On the left hand side on the image above you can see the diagram of what an SR latch looks like with NOR logic gates. On the right hand you can see its truth table.
The truth table shows the state of the output terminals (Q and Q-bar) when a signal is received at either of the input terminals i.e S (Set) and R (Reset).
The SR latch represents ONE BIT of memory. Here essentially, when an electrical signal is received at the Set (S) terminal, 1 bit of memory is stored. The Set (S) terminal is electrical supply side.
The Reset (R) terminal is the 0V terminal meaning when this terminal is high (set to 1), no memory is stored.

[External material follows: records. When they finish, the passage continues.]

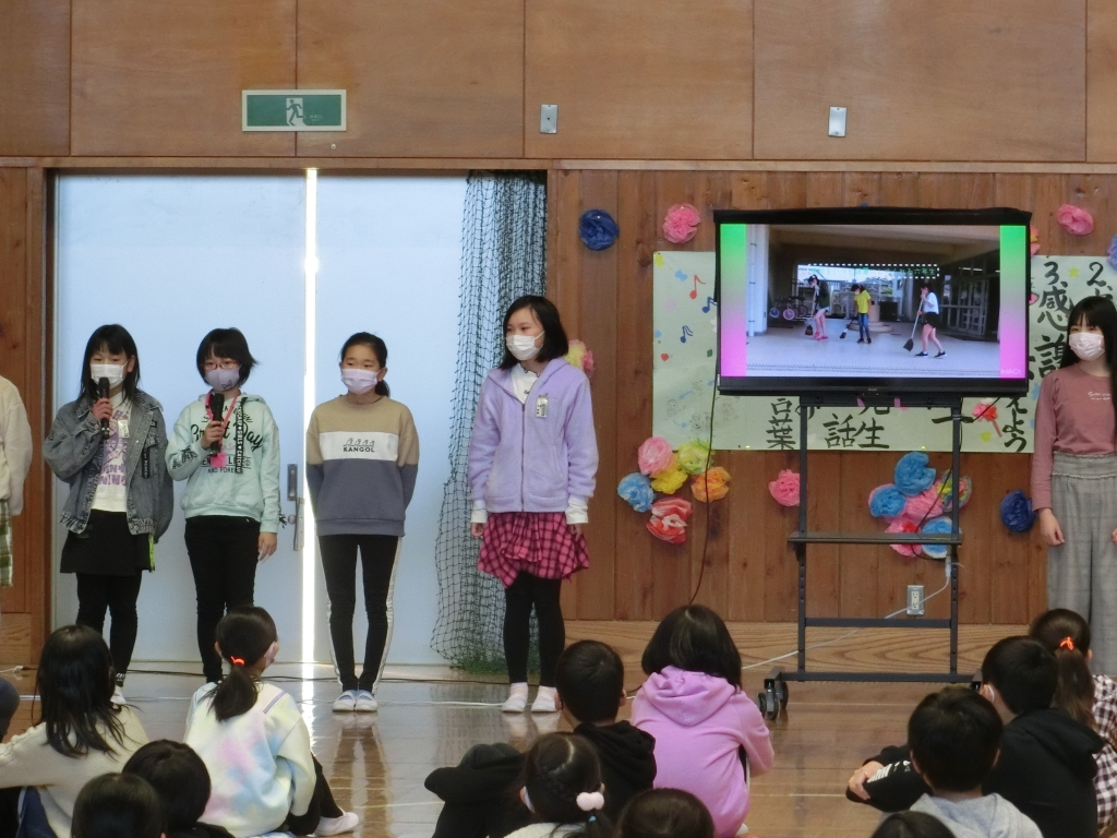 5年生は、6年生の活躍を動画にまとめ、感謝のメッセージと共に発表しました。
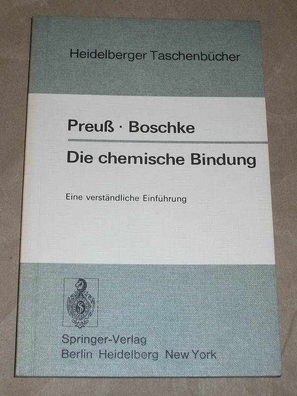 Preuß, Heinzwerner; Boschke, Friedrich Ludwig: Die chemische Bindung. Eine verständliche Einführung. Berlin, Heidelberg, New York: Springer, 1975. 21 cm. VIII, 82 S. TB. Leichte Gebrauchsspuren. Schnitt gebräunt. Riecht etw. muffig. Heidelberger Taschenbücher ; Bd. 161. Auf d. Umschlag: Preuss-Boschke.
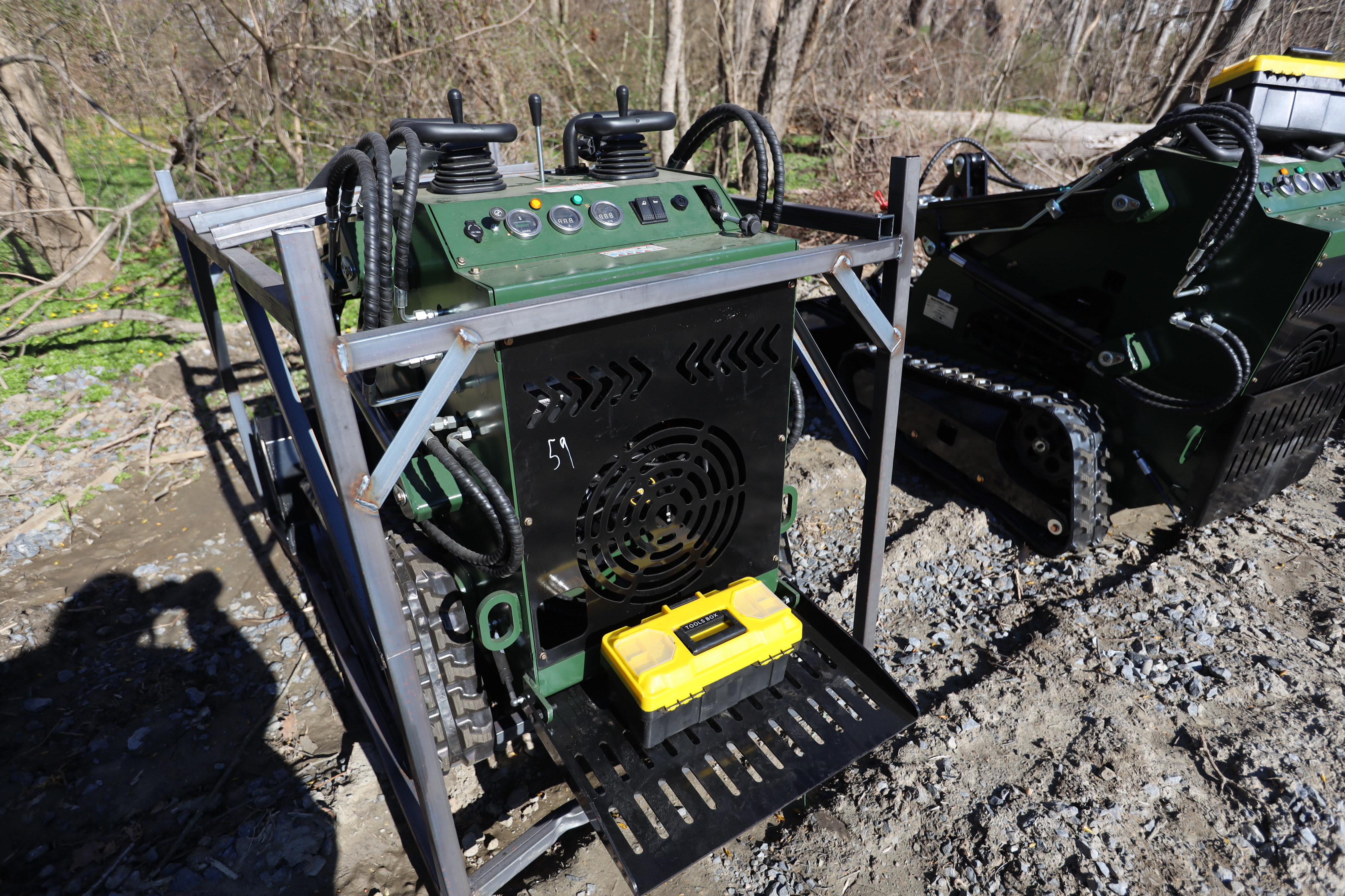 Items include new 2026: ZIG mini skid steer loader, mini excavator 600mm tooth bucket, mini excavator quick connect/wood grabber/rake/ripper tooth; WOLVERINE: mini skid steer stump grinder, rock screening bucket; tree digger attachments; quick coupler; tractor class 1 quick hitch; mini excavator; tow behind log spliiter; 48: excavator flail mower, 60 drum mulcher machine; LANDHONOR: 40 Gallon two-stage truck mounted air compressor, semi-trash water pump; ATS POWER: mini skid steer loader, power, shop press, heavy duty plate compactor, mini excavator; 40' high cube multi-door container; Ecotric 3/8" quick tach cut out mount plate & more. Items are located in Pleasant Valley, NY. Preview is highly recommended.

Hence, given the simplicity of their design, volatile memory tend to be very fast and hence are the choice for primary RAM (as mentioned 25.6 GB/s transfer speed for DDR4).
On the other hand, you have the non-volatile memory such as Hard Disks. These use spinning magnetic platters. Given their mechanical nature, they are very slow. In order to store or retrieve data, the header first has to move, locate the right disk platter and then the right track and then the right sector.
By the time a hard disk can store a single bit of data, a RAM could have stored millions of bits already.
If a CPU was to use a Hard Disk as the primary drive, then performing a simple task such as opening a file would take hours.
You also have the SSDs now, which unlike the Hard Disks, are electronic in nature and use a similar principle of latches as the RAMs do. However, given the fact that SSDs have to STORE the data even if the power is switched of, their circuitry is more complex.
Complex circuitry means data processing will take longer. As such even the best SSDs are nowhere close to the speeds of a RAM sticks.
It wouldn’t make sense to have a super fast CPU, only to get seriously bottlenecked by a slow working primary memory.
TLDR; Primary memory CAN be non-volatile. However, since all formats of non-volatile memory at the moment are slow, they are not the best choice for storing temporary data for CPU manipulation.
So why RAM is called volatile memory? It is called volatile memory because it does not retain data when the electrical power is turned off.
But as mentioned, technically RAM can also be non-volatile. However, doing so will make the primary RAM very slow thus bottlenecking the CPU and the rest of the system performance.
Perhaps there will come a time when non-volatile memory type will surpass the performance of volatile memory, but for now RAM remains volatile.